Menticirrhus is a genus of marine ray-finned fish belonging to the family Sciaenidae, the drums or croakers. They are commonly known as kingcroakers or kingfish. These fish are found in the Western Atlantic and Eastern Pacific Oceans.

==Taxonomy==
Menticirrhus was first proposed as a genus in 1861 by the American biologist Theodore Gill with Perca alburnus, a species described by Linnaeus in 1763 from Charleston, as its only species and designated as its type species. This genus has been placed in the subfamily Sciaeninae by some workers, but the 5th edition of Fishes of the World does not recognise subfamilies within the Sciaenidae which it places in the order Acanthuriformes.

==Etymology==
Menticirrhus is a combination of mentum, meaning "chin", and cirrhus, which means barbel, an allusion to the single thick barbel on the chin.

==Species==
Menticirrhus contains the following species:
- Menticirrhus americanus (Linnaeus, 1758) (Southern kingcroaker)

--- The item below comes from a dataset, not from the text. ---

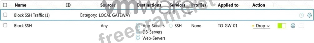 The firewall rule shown in the exhibit is part of a gateway firewall applied to a Tier-0 gateway (TO-GW-01). The key indicators are the "Category: LOCAL GATEWAY" and the "Applied to: TO-GW-01". The rule is set to "Drop" SSH traffic (port 22) from any source to the destinations listed (App-Servers, DB-Servers, Web-Servers). References: * VMware NSX-T Data Center Documentation * Understanding Firewall Categories in NSX-T
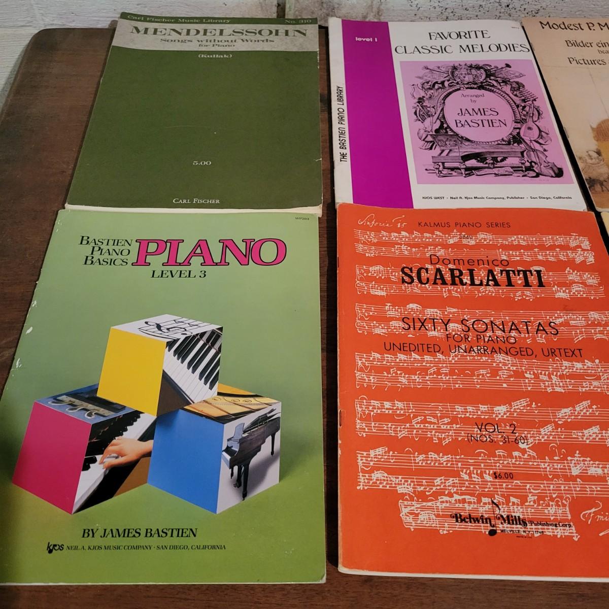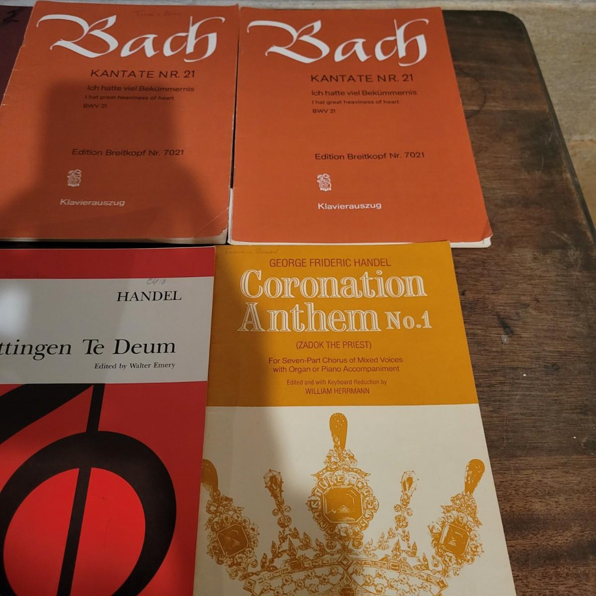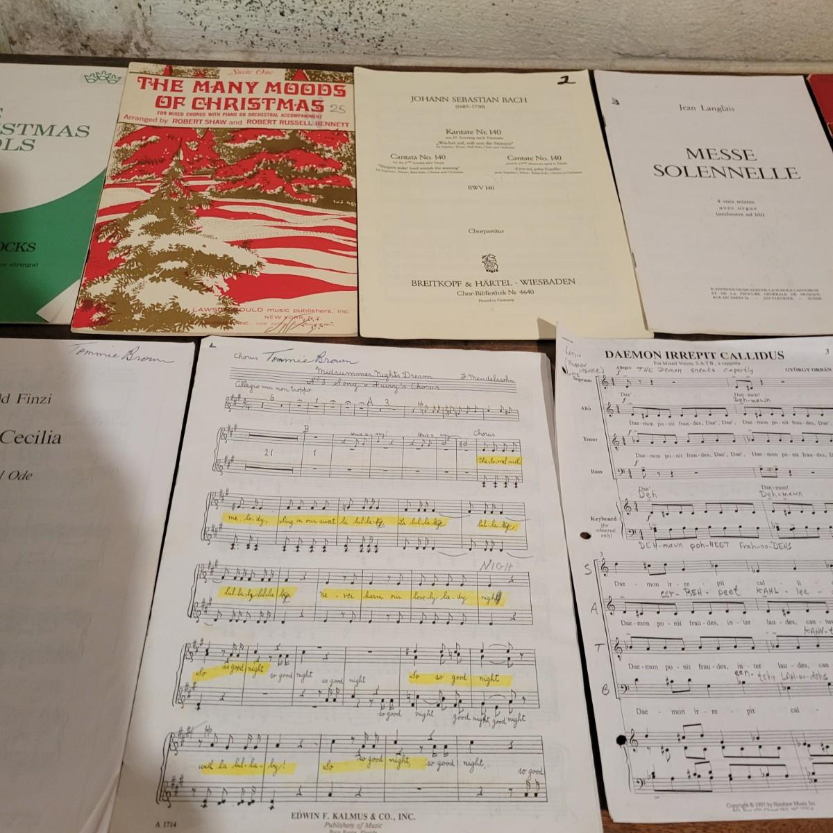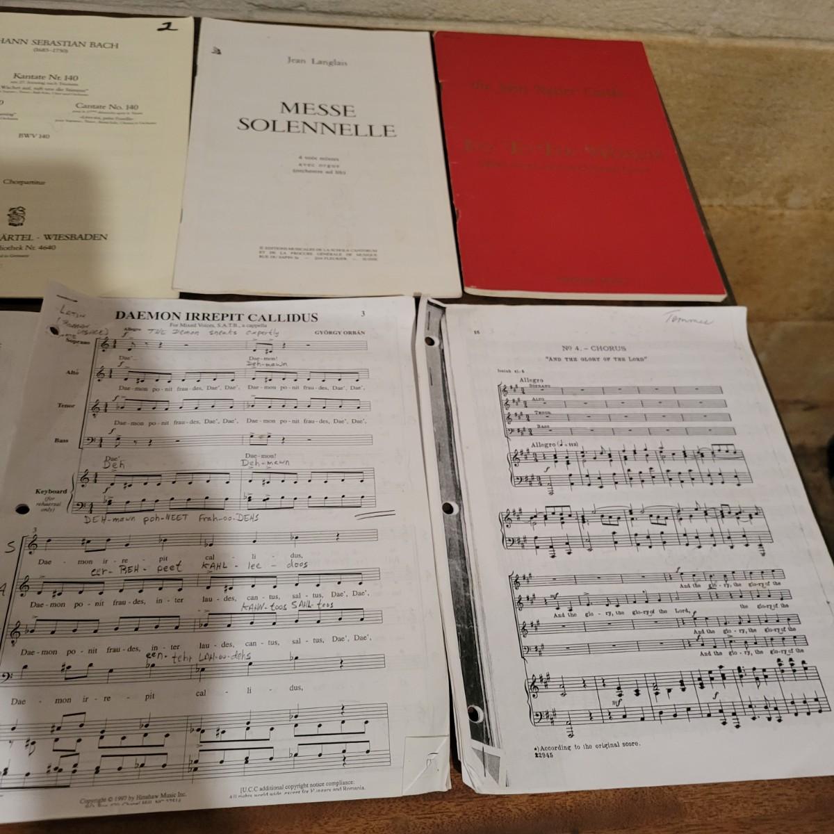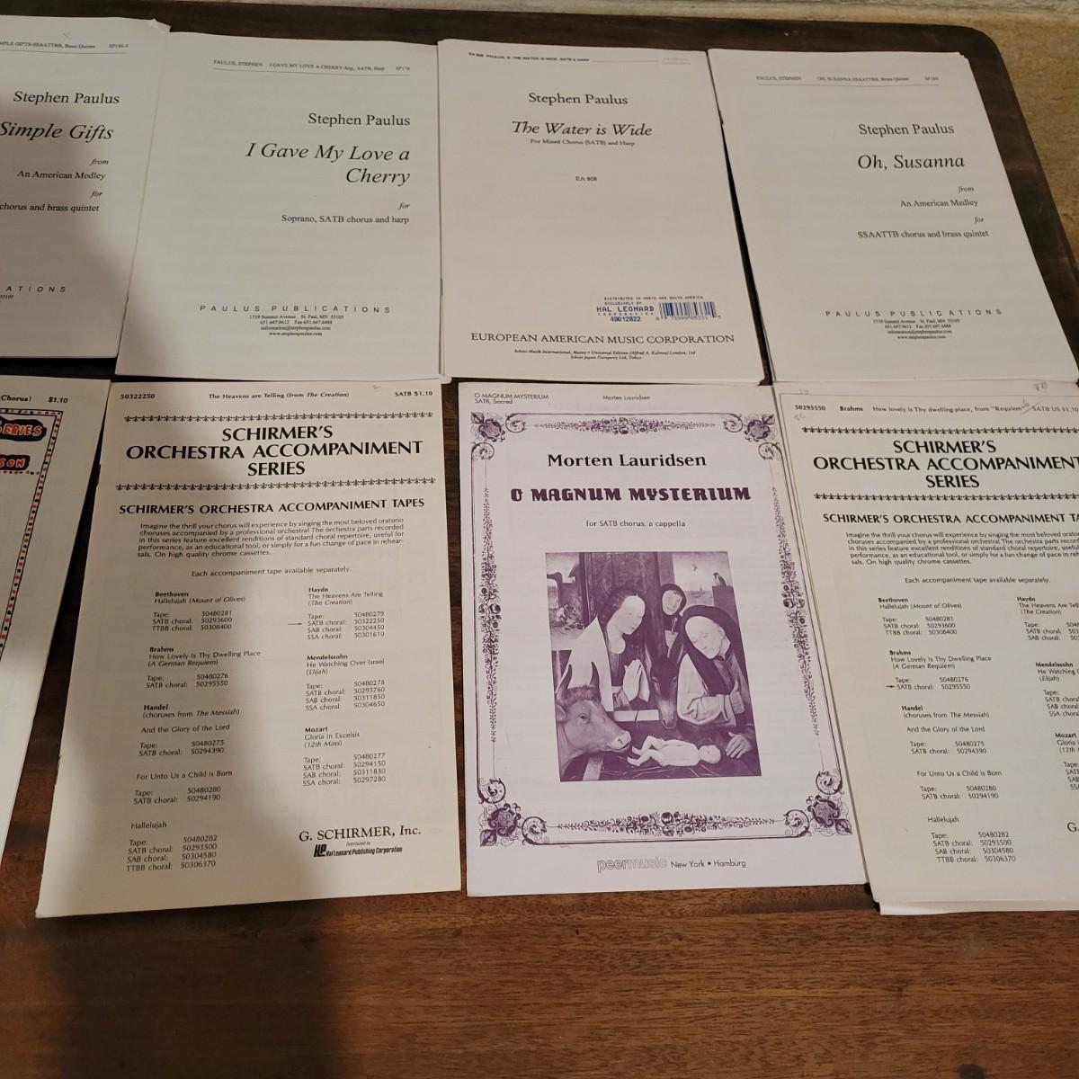 A giant selection of piano and choral sheet music in good condition. There are a multitude of pieces that have notes and are highlighted. Too many scores to show everything in this collection that ranges from classical masters to Christmas pieces. A variety of formats from bound books to loose sheet music and also includes three hardback books. Local pickup only

- Menticirrhus elongatus (Günther, 1864) (Pacific kingcroaker)
- Menticirrhus littoralis (Holbrook, 1847) (Gulf kingcroaker)

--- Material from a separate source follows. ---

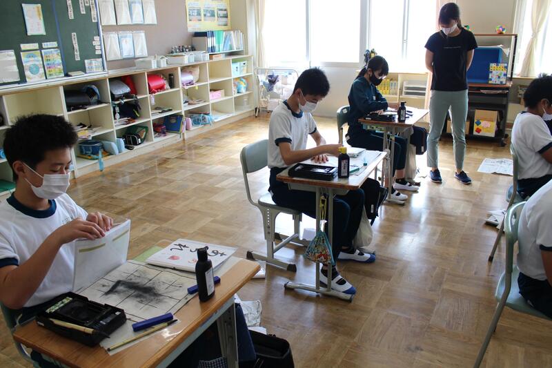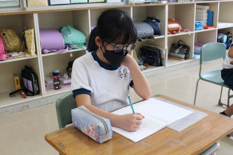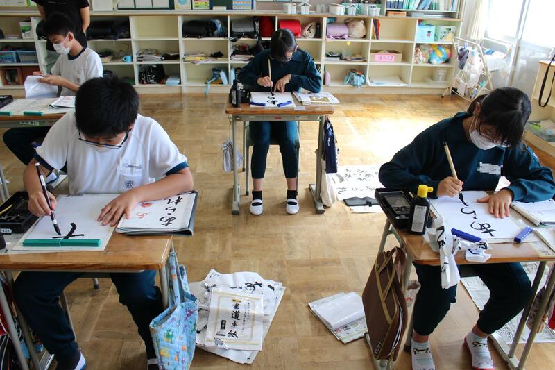 6年生は書写の学習のようです。平仮名の作品を練習しているようですね。漢字と違って平仮名は曲線が多いので、筆づかいが難しいようです。「ううん」と唸りながらも、真剣に練習に取り組んでいました。
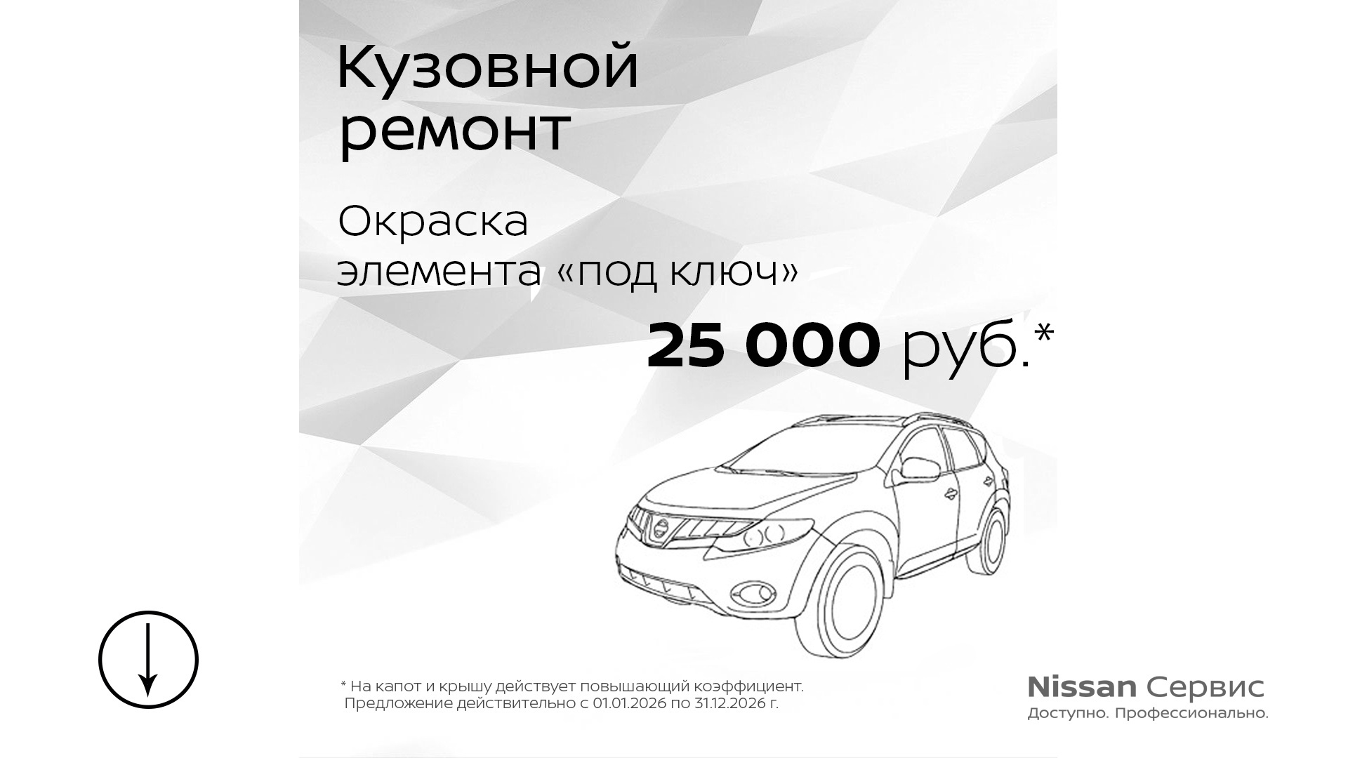 * На автомобили Nissan Qashqai, Nissan Terrano, Nissan X-Trail, Nissan Murano, приобретенные с 01.10.2019, после окончания 3-летней гарантии или 100 000 км пробега предоставляется постгарантийная поддержка сроком на 2 года или 50 000 км пробега на двигатель, КПП, полный привод, согласно правилам и ограничениям. Не является гарантией завода-изготовителя. Подробности на www.nissan.ru

- Menticirrhus nasus (Günther, 1868) (Highfin king croaker)
- Menticirrhus ophicephalus (Jenyns, 1840) (Snakehead kingcroaker)
- Menticirrhus paitensis Hildebrand, 1946 (Paita kingcroaker)
- Menticirrhus panamensis (Steindachner, 1877) (Panama kingcroaker)
- Menticirrhus saxatilis (Bloch & Schneider, 1801) (Northern kingfish)
- Menticirrhus undulatus (Girard, 1854) (California kingcroaker)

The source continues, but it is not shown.